The West Fork Battle Creek Dam, proposed in the Medicine Bow National Forest, would be 700 feet long, about 25 stories tall and would create a 130-acre reservoir. The dam would provide late-season irrigation water to Wyoming and Colorado landowners at a projected cost of $80 million, according to a 2017 estimate.

Gary Wockner, co-founder and executive director of the advocacy group Save the Colorado, thinks it will cost about four times the estimate, partly due to its remote location.
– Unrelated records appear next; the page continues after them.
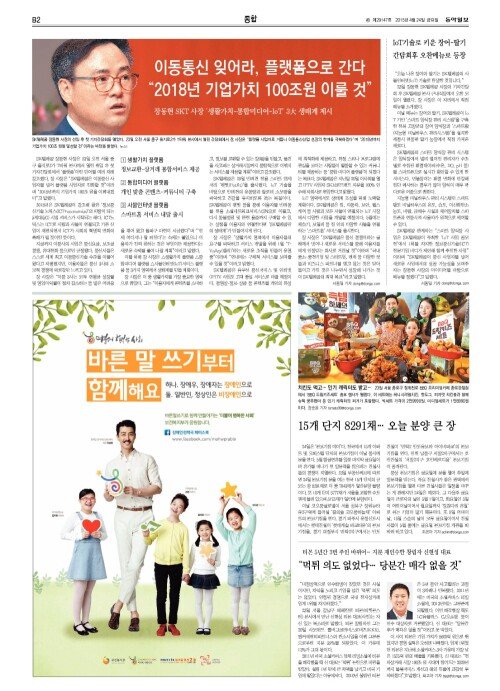 장동현 SKT 사장 “2018년 기업가치 100조원 이룰 것”
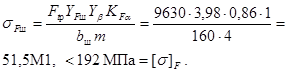Визначається коефіцієнт Визначається коефіцієнт Yβ, що враховує вплив кута нахилу зуба на згинальні напруження: Yβ = 1 - β˚ / 140 = 1 – 20 / 140 = 0,86. Визначається коефіцієнт KFα, що враховує нерівномірність розподілу навантаження між парами зубів у зоні двопарного зачеплення. Для шевронної передачі при ступіні точності Ст1 = 9 KFα = 1. Розрахункові напруження згину в зуб’ях шестерні
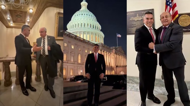 Durante su gira sostuvo encuentros con María Elvira Salazar, presidenta del Subcomité del Hemisferio Occidental en la Cámara de Representantes; Carlos A. Gimenez, Zach Nunn y Lou Correa. Según el propio dirigente, dialogaron sobre seguridad hemisférica, combate al narcotráfico y el papel estratégico del T-MEC como motor de competitividad regional.
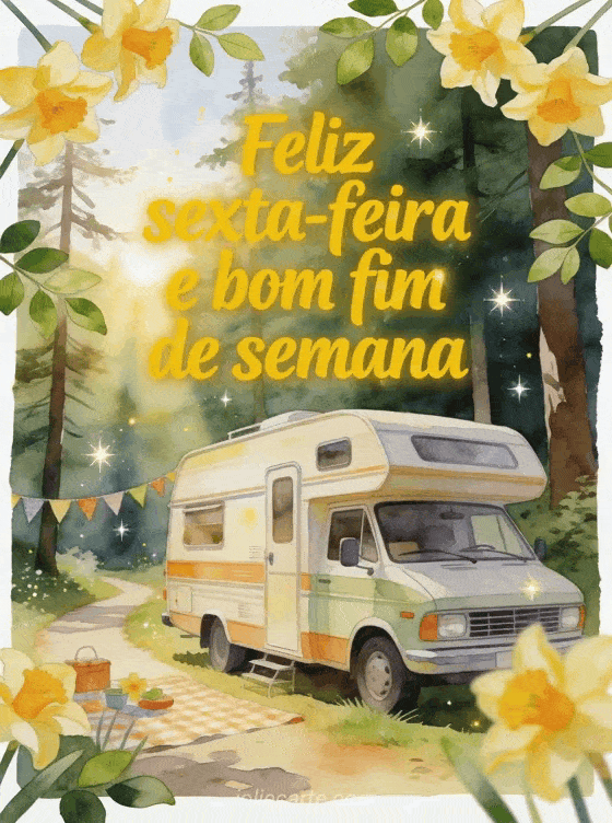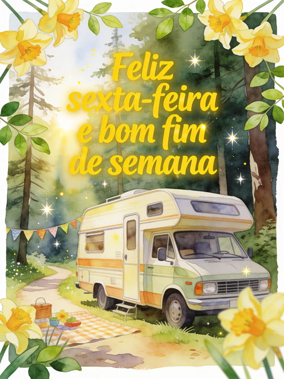 Receba o fim de semana com um trailer retrô em aquarela perto de uma trilha ensolarada na floresta, bandeirinhas de piquenique, narcisos e folhas verdes frescas. Veja também bom dia sexta-feira gif, texto de feliz sexta-feira ou imagem de feliz sexta-feira no fb.
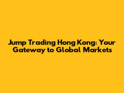 Jump Trading Hong Kong: Your Gateway To Global Markets
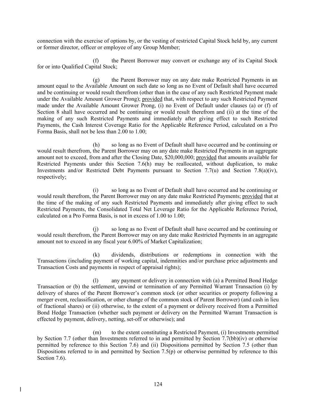 connection with the exercise of options by, or the vesting of restricted Capital Stock held by, any current or former director, officer or employee of any Group Member; (f) the Parent Borrower may convert or exchange any of its Capital Stock for or into Qualified Capital Stock; (g) the Parent Borrower may on any date make Restricted Payments in an amount equal to the Available Amount on such date so long as no Event of Default shall have occurred and be continuing or would result therefrom (other than in the case of any such Restricted Payment made under the Available Amount Grower Prong); provided that, with respect to any such Restricted Payment made under the Available Amount Grower Prong, (i) no Event of Default under clauses (a) or (f) of Section 8 shall have occurred and be continuing or would result therefrom and (ii) at the time of the making of any such Restricted Payments and immediately after giving effect to such Restricted Payments, the Cash Interest Coverage Ratio for the Applicable Reference Period, calculated on a Pro Forma Basis, shall not be less than 2.00 to 1.00; (h) so long as no Event of Default shall have occurred and be continuing or would result therefrom, the Parent Borrower may on any date make Restricted Payments in an aggregate amount not to exceed, from and after the Closing Date, $20,000,000; provided that amounts available for Restricted Payments under this Section 7.6(h) may be reallocated, without duplication, to make Investments and/or Restricted Debt Payments pursuant to Section 7.7(u) and Section 7.8(a)(iv), respectively; (i) so long as no Event of Default shall have occurred and be continuing or would result therefrom, the Parent Borrower may on any date make Restricted Payments; provided that at the time of the making of any such Restricted Payments and immediately after giving effect to such Restricted Payments, the Consolidated Total Net Leverage Ratio for the Applicable Reference Period, calculated on a Pro Forma Basis, is not in excess of 1.00 to 1.00; (j) so long as no Event of Default shall have occurred and be continuing or would result therefrom, the Parent Borrower may on any date make Restricted Payments in an aggregate amount not to exceed in any fiscal year 6.00% of Market Capitalization; (k) dividends, distributions or redemptions in connection with the Transactions (including payment of working capital, indemnities and/or purchase price adjustments and Transaction Costs and payments in respect of appraisal rights); (l) any payment or delivery in connection with (a) a Permitted Bond Hedge Transaction or (b) the settlement, unwind or termination of any Permitted Warrant Transaction (i) by delivery of shares of the Parent Borrower’s common stock (or other securities or property following a merger event, reclassification, or other change of the common stock of Parent Borrower) (and cash in lieu of fractional shares) or (ii) otherwise, to the extent of a payment or delivery received from a Permitted Bond Hedge Transaction (whether such payment or delivery on the Permitted Warrant Transaction is effected by payment, delivery, netting, set-off or otherwise); and (m) to the extent constituting a Restricted Payment, (i) Investments permitted by Section 7.7 (other than Investments referred to in and permitted by Section 7.7(bb)(iv) or otherwise permitted by reference to this Section 7.6) and (ii) Dispositions permitted by Section 7.5 (other than Dispositions referred to in and permitted by Section 7.5(p) or otherwise permitted by reference to this Section 7.6). 124

"It'll be hard to get to, it'll be extremely difficult to engineer and build," Wockner contended. "In fact, it's so large and controversial, we believe that permitting and potential court challenges could cost $20 million to $30 million, alone."

The proposal requires a land swap between the U.S. Forest Service and the state, a trade state lawmakers in 2018 allocated nearly $5 million to investigate. The U.S. Natural Resource Conservation Service, the federal agency responsible for granting permits, told the State of Wyoming Water Development Office to update the cost estimate for the dam. So far, the analysis itself has cost $1.5 million.

The estimate is a vital part of the cost-benefit analysis and determines who will fund the dam. The National Environmental Policy Act requires both an analysis of the proposed plan and several alternative plans, Wockner pointed out.

"Then, you pick what's called the 'least environmentally damaging practicable alternative,'" Wockner added. "You have to have a reasonable cost estimate in order to do the entire NEPA analysis correctly."

In 2023 scoping comments on the project, Wockner argued the analysis should include an estimate of greenhouse gases the project would emit, and effects on the already over-allocated Colorado River.